- **GIVEN INFORMATION**:
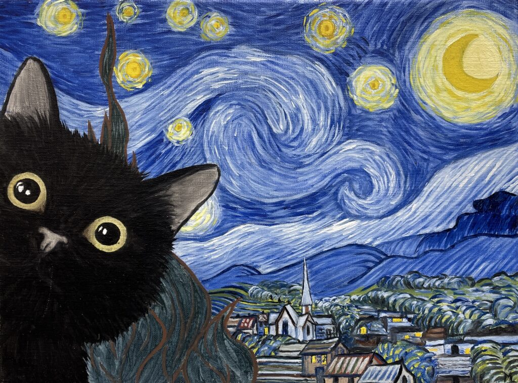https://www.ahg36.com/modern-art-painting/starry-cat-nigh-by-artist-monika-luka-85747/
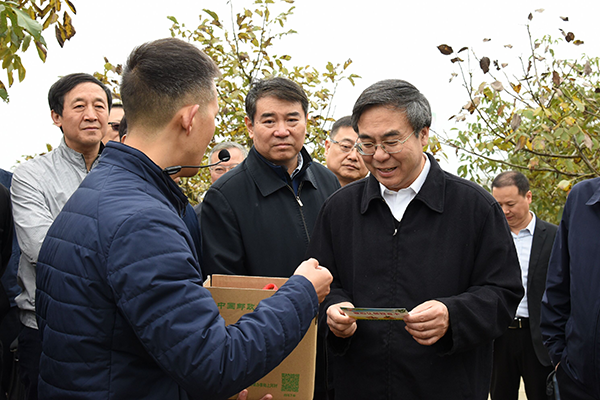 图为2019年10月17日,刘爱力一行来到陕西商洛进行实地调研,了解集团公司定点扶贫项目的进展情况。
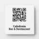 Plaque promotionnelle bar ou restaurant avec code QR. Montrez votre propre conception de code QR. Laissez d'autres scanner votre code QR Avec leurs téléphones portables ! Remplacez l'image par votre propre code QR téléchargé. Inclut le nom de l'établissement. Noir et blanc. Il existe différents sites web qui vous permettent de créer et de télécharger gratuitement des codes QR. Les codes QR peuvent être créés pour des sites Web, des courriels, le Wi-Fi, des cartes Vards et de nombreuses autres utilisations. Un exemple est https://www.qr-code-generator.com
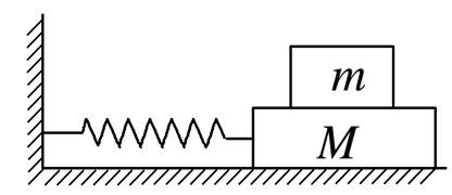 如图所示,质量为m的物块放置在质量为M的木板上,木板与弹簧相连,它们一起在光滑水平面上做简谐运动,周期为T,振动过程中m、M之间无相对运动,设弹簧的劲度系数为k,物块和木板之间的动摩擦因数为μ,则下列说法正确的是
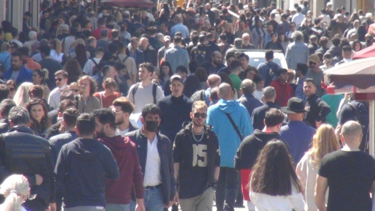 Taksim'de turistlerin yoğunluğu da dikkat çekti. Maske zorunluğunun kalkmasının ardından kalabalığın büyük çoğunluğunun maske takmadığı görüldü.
---
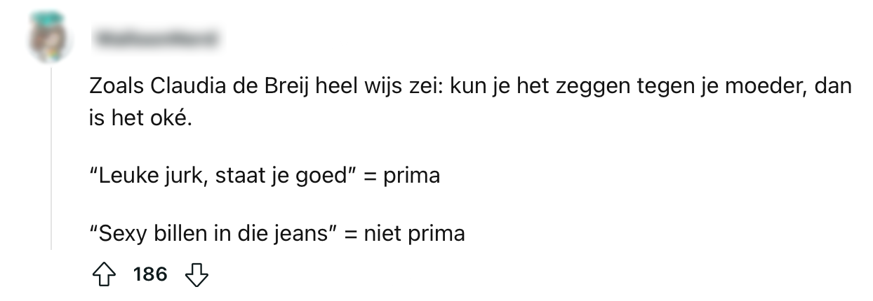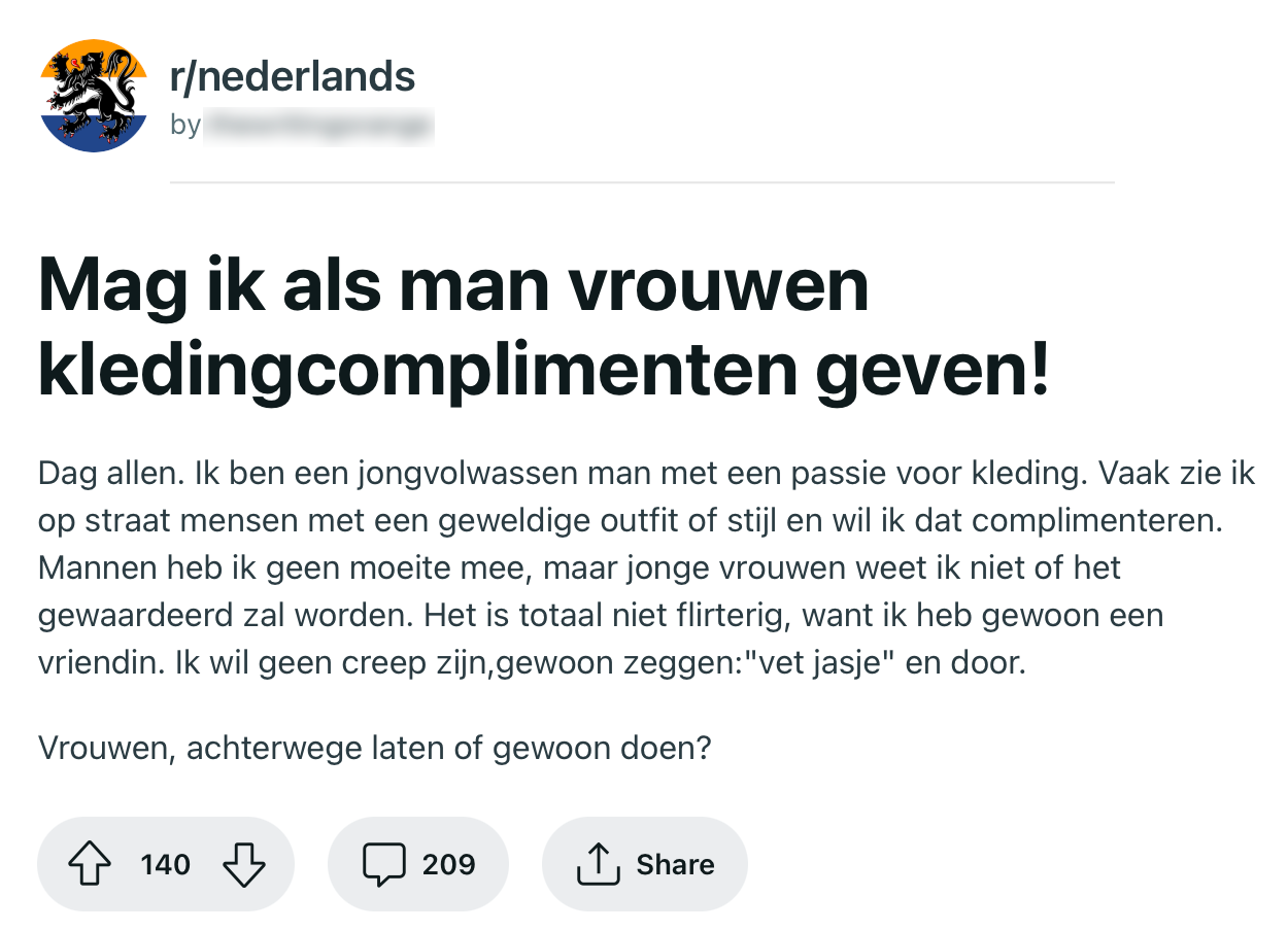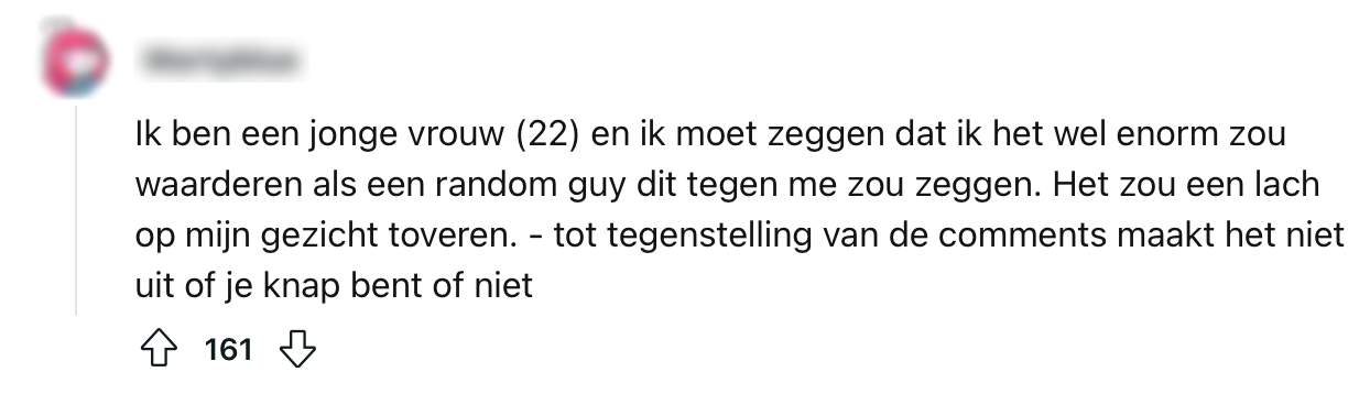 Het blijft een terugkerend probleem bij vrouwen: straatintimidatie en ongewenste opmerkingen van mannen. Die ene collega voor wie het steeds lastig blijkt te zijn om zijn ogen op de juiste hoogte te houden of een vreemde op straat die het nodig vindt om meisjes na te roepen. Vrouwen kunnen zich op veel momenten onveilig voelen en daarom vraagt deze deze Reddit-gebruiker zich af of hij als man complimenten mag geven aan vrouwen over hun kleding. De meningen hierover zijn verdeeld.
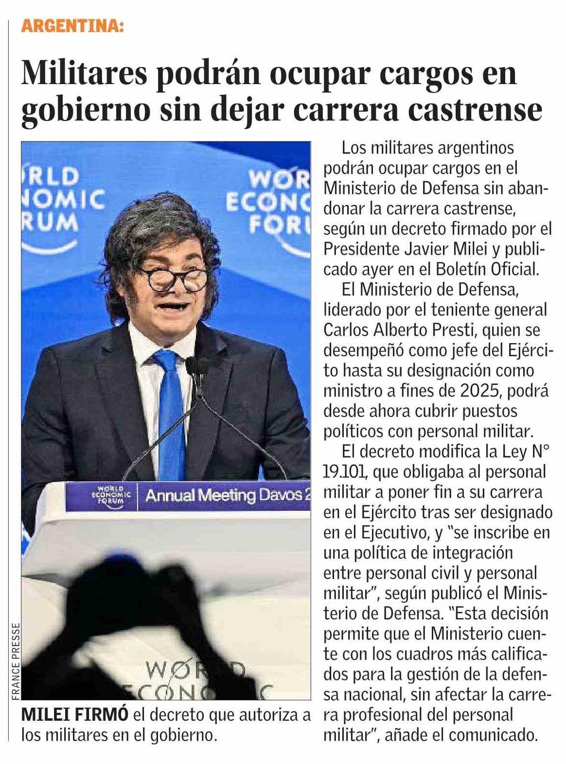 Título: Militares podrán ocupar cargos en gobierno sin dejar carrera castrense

- **WORK TO BE COMPLETED**: Copy only this from above: the line containing "Plaque promotionnelle bar", the line containing "Taksim'de turistlerin yoğunluğu", and all lines between, printed exactly. Leave out the pictures.

- **OUTPUT FOR THIS TASK**:
 Plaque promotionnelle bar ou restaurant avec code QR. Montrez votre propre conception de code QR. Laissez d'autres scanner votre code QR Avec leurs téléphones portables ! Remplacez l'image par votre propre code QR téléchargé. Inclut le nom de l'établissement. Noir et blanc. Il existe différents sites web qui vous permettent de créer et de télécharger gratuitement des codes QR. Les codes QR peuvent être créés pour des sites Web, des courriels, le Wi-Fi, des cartes Vards et de nombreuses autres utilisations. Un exemple est https://www.qr-code-generator.com
 如图所示,质量为m的物块放置在质量为M的木板上,木板与弹簧相连,它们一起在光滑水平面上做简谐运动,周期为T,振动过程中m、M之间无相对运动,设弹簧的劲度系数为k,物块和木板之间的动摩擦因数为μ,则下列说法正确的是
 Taksim'de turistlerin yoğunluğu da dikkat çekti. Maske zorunluğunun kalkmasının ardından kalabalığın büyük çoğunluğunun maske takmadığı görüldü.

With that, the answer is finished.